What you are asked to do:
Please output every entry below exactly as written, leaving out any pictures.

Information:

☆ ☆ ☆ ☆ ☆ ☆ ☆

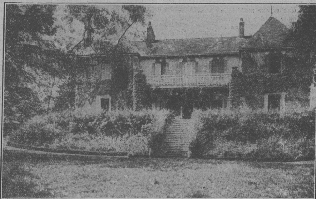
LA MI-COTIERE (par Oudon (Loire-Inférieure))

Aussi, formons-nous le vœu que tous les confrères de Saint-Vincent de Paul soient bien pénétrés de cette idée que leur Société ne doit pas se borner à avoir seulement, vis-à-vis du prochain, cette vertu curative que tous lui reconnaissent, mais qu'elle doit, aussi, par la collaboration de tous ses membres, arriver à posséder cette vertu préventive, ignorée encore de certains, si pleinement conforme à la doctrine sociale de l'Eglise, à la doctrine tout court de l'Evangile.
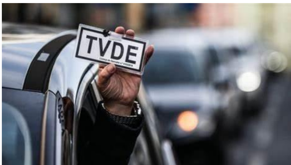
Veículos de transporte individual e remunerado de passageiros em veículos descaracterizados a partir de uma plataforma electrónica (T.V.D.E.)
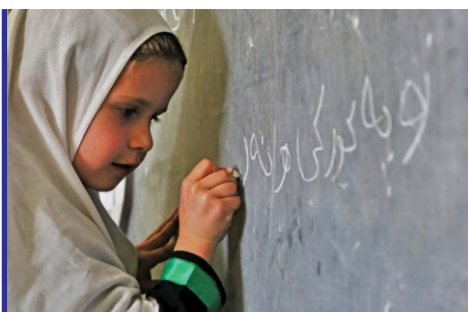
از روز جهانی سواد آموزی تا...
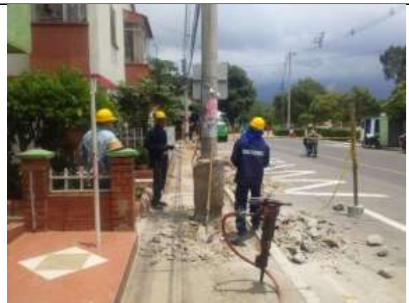
DEMOLICION ANDEN EXISTENTE
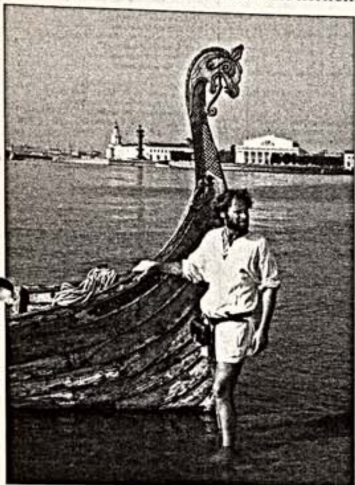
Слева: участники фестиваля "Деревня викингов"
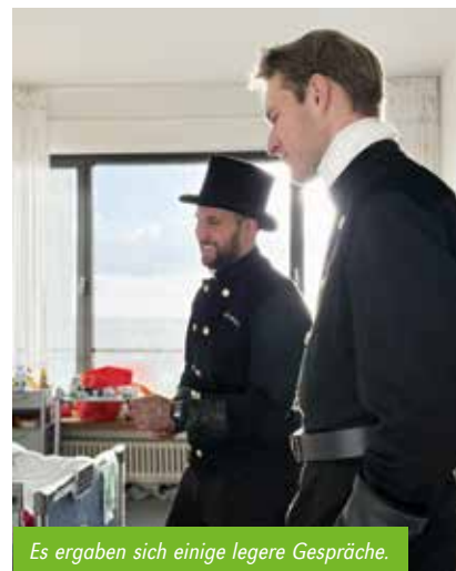
Es ergaben sich einige legere Gespräche.
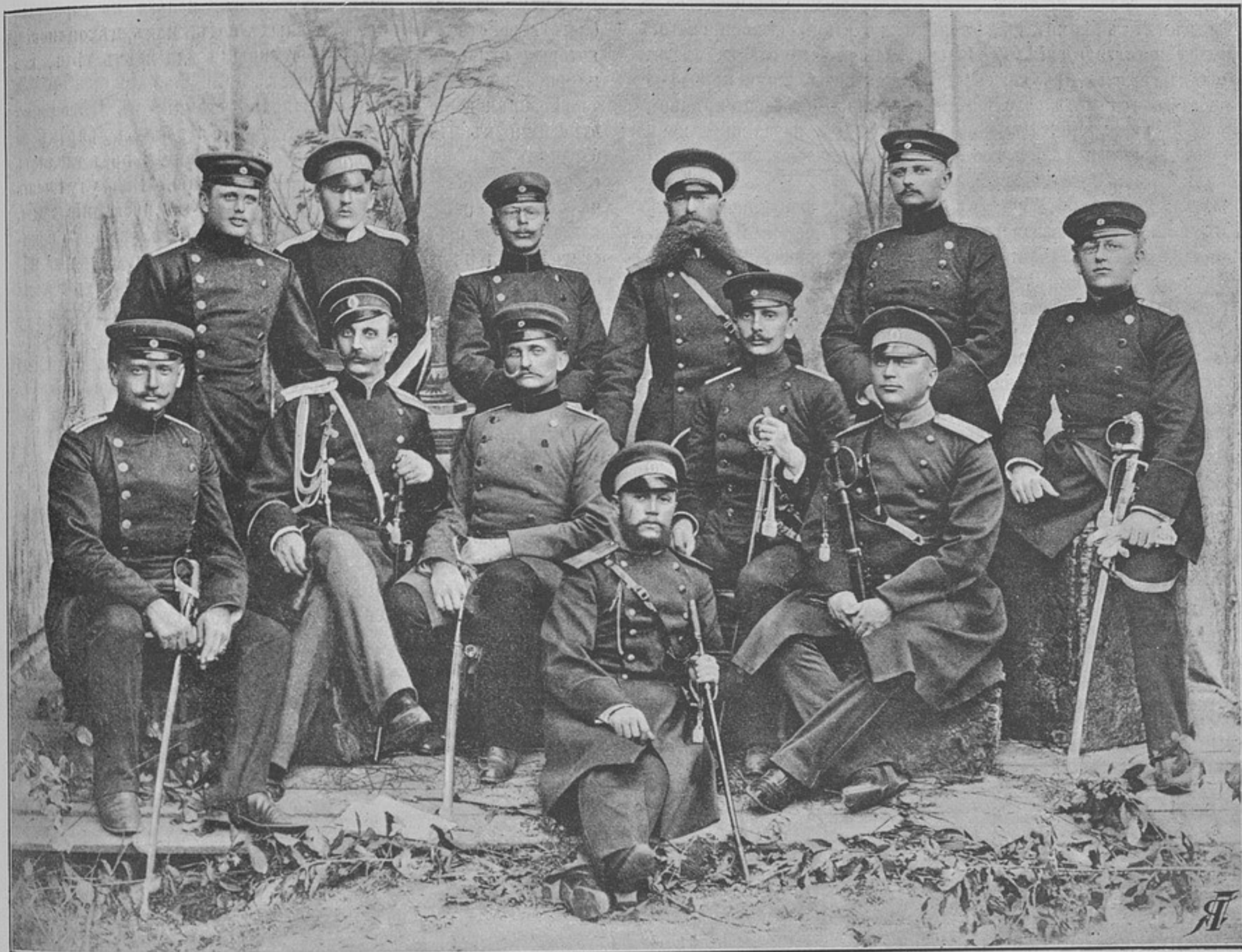
Прусскіе офицеры Торнскаго гарнизона въ гостяхъ у русскихъ камадровъ (сотоварищей) въ Цѣхоцинкѣ.

начальника 8-й мѣстной бригады, генераль-маіора Д. Д. Кожухова, которому удалось собрать отъ разныхъ войсковыхъ частей и управленій воинскихъ начальниковъ, равно какъ отъ нѣкоторыхъ частныхъ лицъ, необходимую сумму въ 1592 р. 44 к. Богослуженіе въ этой церкви совершаетъ одинъ изъ полковыхъ священниковъ, ежегодно командируемый по распоряженію военнаго начальства на время лѣчебнаго сезона въ Цѣхоциноукъ. Ее посѣщаютъ, кромѣ офицеровъ и нижнихъ чиновъ станціи, также и всѣ русскіе люди, проводящіе здѣсь лѣто. Понятно, что подъ церковнымъ наметомъ можетъ помѣститься лишь десятая часть всѣхъ молящихся, при чемъ остальные находятся подъ открытымъ небомъ, что не совсѣмъ то удобно во время дождя или жары. Обыкновенно при церкви образуется каждое лѣто довольно порядочный хоръ пѣвчихъ, состоящій изъ любителей церковнаго пѣнія и нижнихъ чиновъ, бывшихъ въ частяхъ пѣвчими.
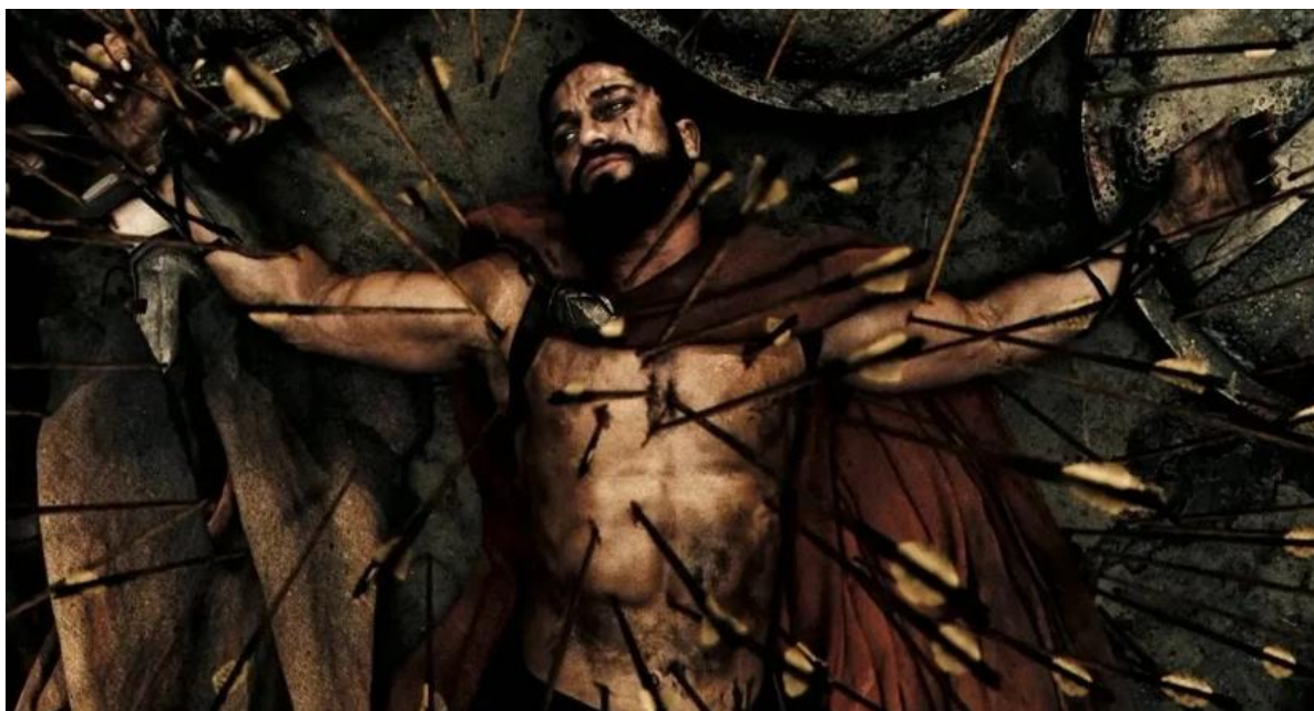
Figura 8 - Rei Leônidas em seu último momento da batalha contra os Persas. (300, Warner Bros, 2007).

derrotá-lo em combate corpo a corpo. Leônidas não sucumbe às mãos de um homem, mas sim às flechas de todo um império, que obscurecem a luz do sol. Todas essas nuances evidenciam a importância da abordagem imagética e visual em 300 e como essa narrativa está repleta de simbolismos que podem passar despercebidos pelo espectador (MAIA; COELHO, 2018, p. 491-492).

☆ ☆ ☆ ☆ ☆ ☆ ☆

Answer area:
LA MI-COTIERE (par Oudon (Loire-Inférieure))

Aussi, formons-nous le vœu que tous les confrères de Saint-Vincent de Paul soient bien pénétrés de cette idée que leur Société ne doit pas se borner à avoir seulement, vis-à-vis du prochain, cette vertu curative que tous lui reconnaissent, mais qu'elle doit, aussi, par la collaboration de tous ses membres, arriver à posséder cette vertu préventive, ignorée encore de certains, si pleinement conforme à la doctrine sociale de l'Eglise, à la doctrine tout court de l'Evangile.
Veículos de transporte individual e remunerado de passageiros em veículos descaracterizados a partir de uma plataforma electrónica (T.V.D.E.)
از روز جهانی سواد آموزی تا...
DEMOLICION ANDEN EXISTENTE
Слева: участники фестиваля "Деревня викингов"
Es ergaben sich einige legere Gespräche.
Прусскіе офицеры Торнскаго гарнизона въ гостяхъ у русскихъ камадровъ (сотоварищей) въ Цѣхоцинкѣ.

начальника 8-й мѣстной бригады, генераль-маіора Д. Д. Кожухова, которому удалось собрать отъ разныхъ войсковыхъ частей и управленій воинскихъ начальниковъ, равно какъ отъ нѣкоторыхъ частныхъ лицъ, необходимую сумму въ 1592 р. 44 к. Богослуженіе въ этой церкви совершаетъ одинъ изъ полковыхъ священниковъ, ежегодно командируемый по распоряженію военнаго начальства на время лѣчебнаго сезона въ Цѣхоциноукъ. Ее посѣщаютъ, кромѣ офицеровъ и нижнихъ чиновъ станціи, также и всѣ русскіе люди, проводящіе здѣсь лѣто. Понятно, что подъ церковнымъ наметомъ можетъ помѣститься лишь десятая часть всѣхъ молящихся, при чемъ остальные находятся подъ открытымъ небомъ, что не совсѣмъ то удобно во время дождя или жары. Обыкновенно при церкви образуется каждое лѣто довольно порядочный хоръ пѣвчихъ, состоящій изъ любителей церковнаго пѣнія и нижнихъ чиновъ, бывшихъ въ частяхъ пѣвчими.
Figura 8 - Rei Leônidas em seu último momento da batalha contra os Persas. (300, Warner Bros, 2007).

derrotá-lo em combate corpo a corpo. Leônidas não sucumbe às mãos de um homem, mas sim às flechas de todo um império, que obscurecem a luz do sol. Todas essas nuances evidenciam a importância da abordagem imagética e visual em 300 e como essa narrativa está repleta de simbolismos que podem passar despercebidos pelo espectador (MAIA; COELHO, 2018, p. 491-492).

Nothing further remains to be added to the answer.